MFsym_eigenvalues MDsym_eigenvalues MEsym_eigenvalues
FunctionEigenvalues and/or Eigenvectors of a real symmetric matrix
Syntax C/C++#include <MFstd.h>
int MFsym_eigenvalues( fVector EigVals, fMatrix EigVecs, fMatrix MA, ui len, int CalcEigenVec );
C++ MatObj#include <OptiVec.h>
int matrix<T>::sym_eigenvalues( matrix<T> EigVecs, const matrix<T>& MA, int CalcEigenVec );
int matrix<T>::sym_eigenvalues( matrix<T>* EigVecs, const matrix<T>& MA, int CalcEigenVec );
Pascal/Delphiuses MFstd;
function MFsym_eigenvalues( EigVals:fVector; EigVecs, MA:fMatrix; len:UIntSize; CalcEigenVec:IntBool ): IntBool;
DescriptionThe eigenvalues, with or without the eigenvectors, of MA are calculated. This function is for non-singular symmetric real matrices only! It takes the following arguments:
  • EigVals: a vector in which the eigenvalues will be returned
  • EigVecs: a matrix of size len*len. If the eigenvectors are desired, the routine will fill the columns of EigVecs with the eigenvectors; otherwise, EigVecs is just needed as workspace.
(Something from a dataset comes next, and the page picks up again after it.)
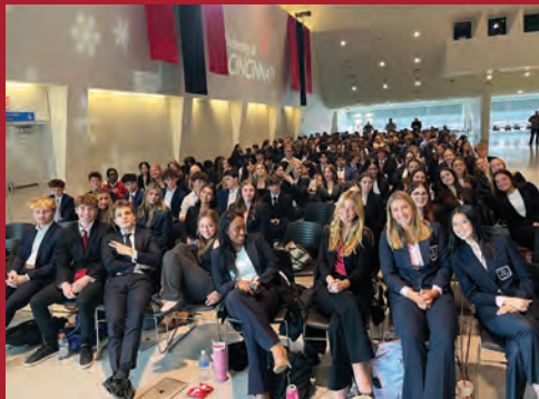
Indian Hill High School DECA Students Earn Record State Qualifications

  • MA: the input matrix, which may or may not be overwritten by EigVecs
  • len: the length of the rows (which is the same as the height of the columns, as MA must be a symmetric square matrix)
  • CalcEigenVec: an int or IntBool, deciding if only the eigenvalues are needed (CalcEigenVec = FALSE or 0), or if the eigenvectors are desired as well (CalcEigenVec = TRUE or 1). Calculating the eigenvalues alone, without the eigenvectors, can speed up the calculation by up to a factor of two.

The eigenvalues (and eigenvectors) are returned in no specific order.
Return valueFALSE (0), if no error occurred, otherwise TRUE (non-zero). It is highly recommended to check the return value, as deficiencies of the input matrix usually are not known beforehand, but would lead to failure of this function.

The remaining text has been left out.